**Your instructions:**
Before anything else, drop the pictures; then return exactly the lines from the top of the listing through the line with "5 Kleinhesseloher See".

▶

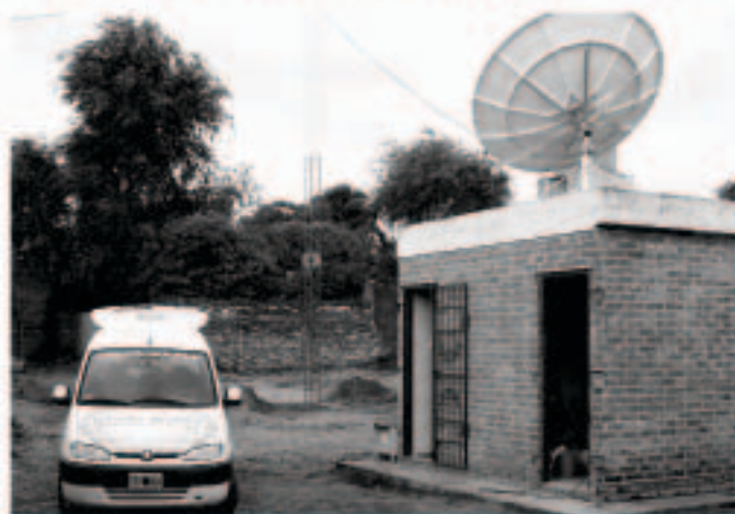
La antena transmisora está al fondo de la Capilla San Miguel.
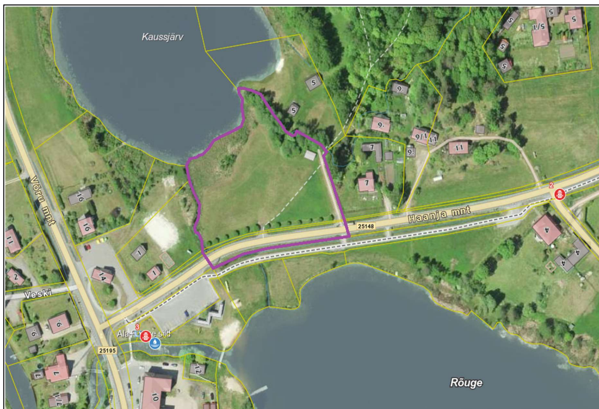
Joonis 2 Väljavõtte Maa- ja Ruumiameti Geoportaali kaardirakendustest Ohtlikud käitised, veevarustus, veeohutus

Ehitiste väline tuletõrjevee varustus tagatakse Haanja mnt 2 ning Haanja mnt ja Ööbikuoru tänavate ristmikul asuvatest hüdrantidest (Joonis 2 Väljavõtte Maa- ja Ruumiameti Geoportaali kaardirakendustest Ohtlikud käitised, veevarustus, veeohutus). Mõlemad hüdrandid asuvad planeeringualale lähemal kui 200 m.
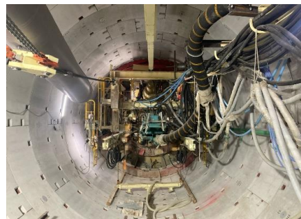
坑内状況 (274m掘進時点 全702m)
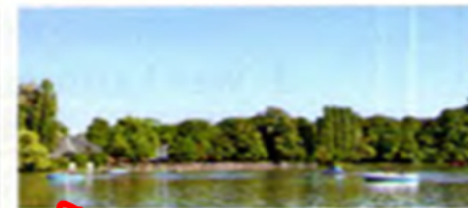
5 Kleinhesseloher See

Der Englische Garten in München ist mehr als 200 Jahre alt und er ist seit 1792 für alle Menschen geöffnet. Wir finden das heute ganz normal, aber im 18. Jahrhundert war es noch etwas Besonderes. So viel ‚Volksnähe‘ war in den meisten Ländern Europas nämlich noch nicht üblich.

◀

**Result of the exercise:**
La antena transmisora está al fondo de la Capilla San Miguel.
Joonis 2 Väljavõtte Maa- ja Ruumiameti Geoportaali kaardirakendustest Ohtlikud käitised, veevarustus, veeohutus

Ehitiste väline tuletõrjevee varustus tagatakse Haanja mnt 2 ning Haanja mnt ja Ööbikuoru tänavate ristmikul asuvatest hüdrantidest (Joonis 2 Väljavõtte Maa- ja Ruumiameti Geoportaali kaardirakendustest Ohtlikud käitised, veevarustus, veeohutus). Mõlemad hüdrandid asuvad planeeringualale lähemal kui 200 m.
坑内状況 (274m掘進時点 全702m)
5 Kleinhesseloher See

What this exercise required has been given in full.